For the copy, please give all of the data again exactly and leave the pictures out.

# COLLECTED MATERIAL:

※

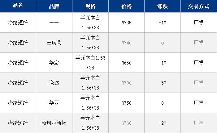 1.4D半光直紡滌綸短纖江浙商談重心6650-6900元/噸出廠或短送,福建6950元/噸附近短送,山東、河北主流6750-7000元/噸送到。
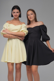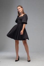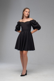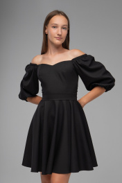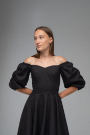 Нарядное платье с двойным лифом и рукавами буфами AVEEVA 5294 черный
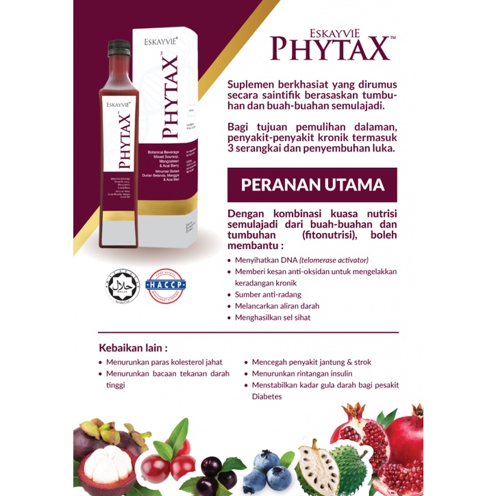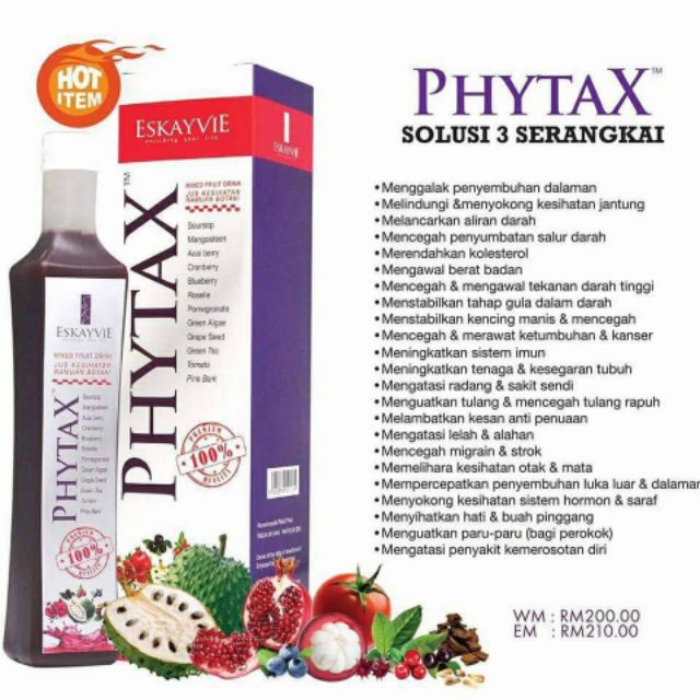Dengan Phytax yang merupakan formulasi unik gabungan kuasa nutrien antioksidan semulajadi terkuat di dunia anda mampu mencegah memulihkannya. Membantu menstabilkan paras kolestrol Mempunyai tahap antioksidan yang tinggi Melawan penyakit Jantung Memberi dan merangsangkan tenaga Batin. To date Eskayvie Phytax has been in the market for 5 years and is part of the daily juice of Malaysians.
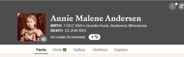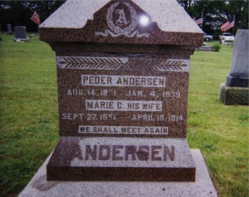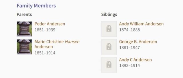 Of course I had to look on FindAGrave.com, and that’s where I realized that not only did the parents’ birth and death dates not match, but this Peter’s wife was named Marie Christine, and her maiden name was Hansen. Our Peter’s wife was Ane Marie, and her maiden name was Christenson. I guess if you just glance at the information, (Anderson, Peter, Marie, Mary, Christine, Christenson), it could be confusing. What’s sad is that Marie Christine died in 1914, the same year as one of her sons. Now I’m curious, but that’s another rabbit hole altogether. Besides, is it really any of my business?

※

# RESULT OF THE EXERCISE:
 1.4D半光直紡滌綸短纖江浙商談重心6650-6900元/噸出廠或短送,福建6950元/噸附近短送,山東、河北主流6750-7000元/噸送到。
 Нарядное платье с двойным лифом и рукавами буфами AVEEVA 5294 черный
Dengan Phytax yang merupakan formulasi unik gabungan kuasa nutrien antioksidan semulajadi terkuat di dunia anda mampu mencegah memulihkannya. Membantu menstabilkan paras kolestrol Mempunyai tahap antioksidan yang tinggi Melawan penyakit Jantung Memberi dan merangsangkan tenaga Batin. To date Eskayvie Phytax has been in the market for 5 years and is part of the daily juice of Malaysians.
 Of course I had to look on FindAGrave.com, and that’s where I realized that not only did the parents’ birth and death dates not match, but this Peter’s wife was named Marie Christine, and her maiden name was Hansen. Our Peter’s wife was Ane Marie, and her maiden name was Christenson. I guess if you just glance at the information, (Anderson, Peter, Marie, Mary, Christine, Christenson), it could be confusing. What’s sad is that Marie Christine died in 1914, the same year as one of her sons. Now I’m curious, but that’s another rabbit hole altogether. Besides, is it really any of my business?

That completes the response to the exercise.